Thursday, December 19, 2024

Sargassum-fighting measures put sea turtles at risk in Quintana Roo

The methods used to prevent sargassum from reaching Quintana Roo beaches pose a risk to nesting sea turtles and their offspring, two conservationists warn.

Miriam Tzeek, president of the Quintana Roo Sea Turtles Committee, told the newspaper Milenio that barriers placed in the sea to stop the seaweed from washing up onshore and sargassum-gathering vessels both threaten the lives of female turtles and their hatchlings as they return to sea.

She said that more than 20,000 turtles nest on Mexico’s Caribbean coast beaches each year and that each mother can lay up to 100 eggs, meaning that the lives of as many as two million of the reptiles are at risk from the collection of sargassum.

The Quintana Roo turtle nesting season begins in May and eggs hatch 45 to 60 days after they are laid, a time when sargassum arrivals are usually at their seasonal peak.
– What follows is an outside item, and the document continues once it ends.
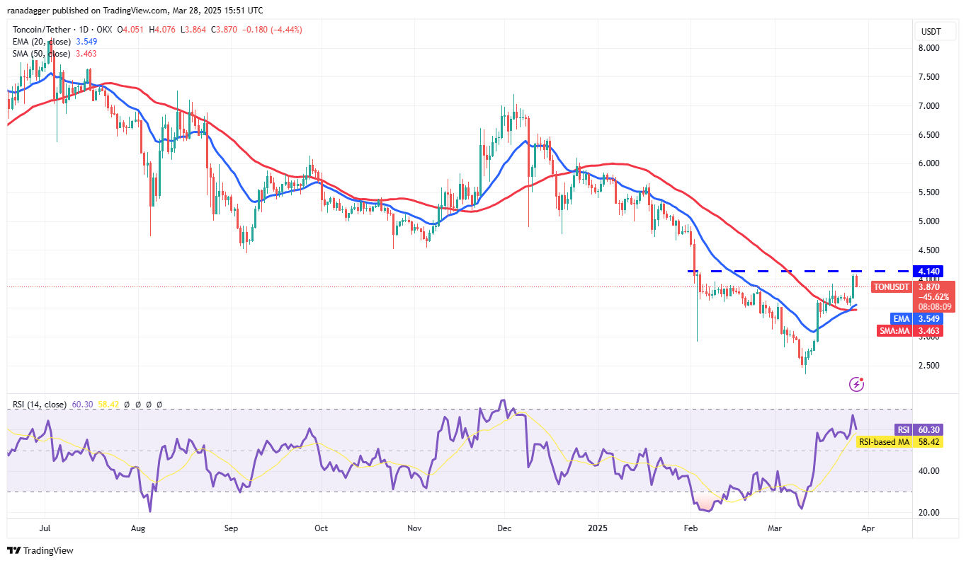 Toncoin (TON) развернулся от 20-дневной EMA ($3.54) 26 марта и достиг верхнего сопротивления в $4.14 27 марта.

Leonel Gómez, chief of the Rivera Maya-Tulum sea turtle program, explained that the use of sargassum-gathering vessels and barriers is particularly dangerous to recently-hatched turtles.
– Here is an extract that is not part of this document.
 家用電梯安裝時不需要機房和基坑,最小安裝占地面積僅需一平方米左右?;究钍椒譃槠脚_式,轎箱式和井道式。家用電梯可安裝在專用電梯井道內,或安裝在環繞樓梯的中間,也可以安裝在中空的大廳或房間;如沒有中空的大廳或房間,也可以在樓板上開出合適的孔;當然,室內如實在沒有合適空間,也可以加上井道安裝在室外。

Sargassum barriers can be turtle barriers, too.
Sargassum barriers can be turtle barriers, too.

“Our fear is that once the hatchings leave their eggshell and move forward in the sea searching for ocean currents they will be picked up by these boats and will end up trapped in the large masses of sargassum that they remove every day,” he said.
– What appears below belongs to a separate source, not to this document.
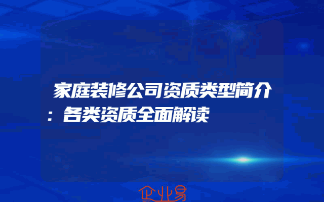 - 家庭装修公司资质类型简介:各类资质全面解读
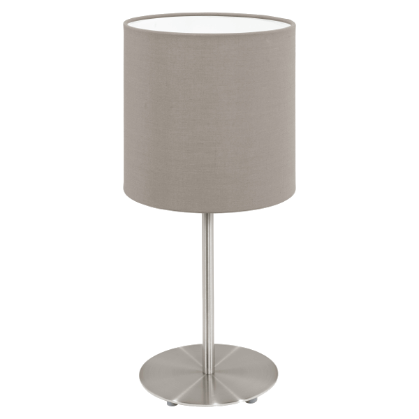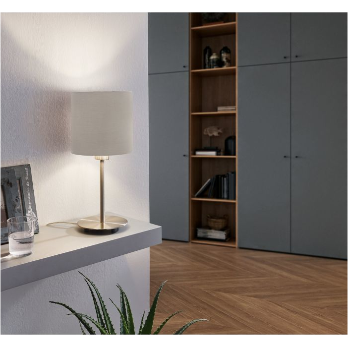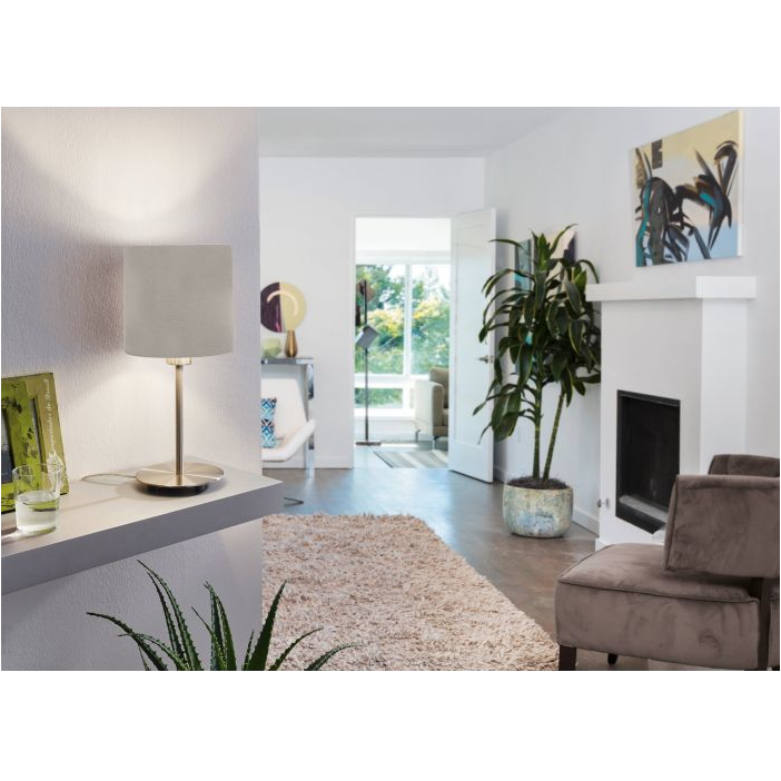 Asztali lámpa szürkésbarna színben, mely modern és egyszerű kialakításával önmagáért beszél, hiszen csodálatosan illeszkedik a különböző alkalmazási területekhez.

“. . . The anti-sargassum barriers . . . will also affect babies, perhaps large turtles won’t be affected so much because they go beneath [the barriers] but the little ones don’t. A little turtle can get stuck in one of those nets,” Gómez explained.

Speaking to Milenio at the Xcacel-Xcacelito turtle sanctuary, one of the most popular Quintana Roo nesting areas, the conservationist said that sargassum collected on beaches can also threaten turtle nests if “huge piles” of the weed are inadvertently placed on top of them.

In such a case, sargassum causes nests – and eggs – to overheat, leaving the latter “completely cooked,” Gómez said.

The use of heavy machinery to collect sargassum can also harm the turtle nests, a Quintana Roo environmental group said in May when reporting that backhoes were being illegally used on Cancún beaches.

Even though turtle conservation efforts are being undermined by anti-sargassum strategies, Gómez acknowledged that hotel owners have no other option than to take action against the seasonal phenomenon because without turquoise waters and white sand beaches, the tourists won’t come.

“I don’t blame them [the hotel owners], that’s what they live from but sometimes the methods are so improvised and they don’t consider the damage they cause to the beach or the animals in the sea,” he said.

Both he and Tzeek called for the implementation of sargassum collection strategies that are mindful of marine creatures.

If anti-sargassum actions are not properly regulated, “the efforts that we’re making here to protect the turtle will be of no use,” Gómez said.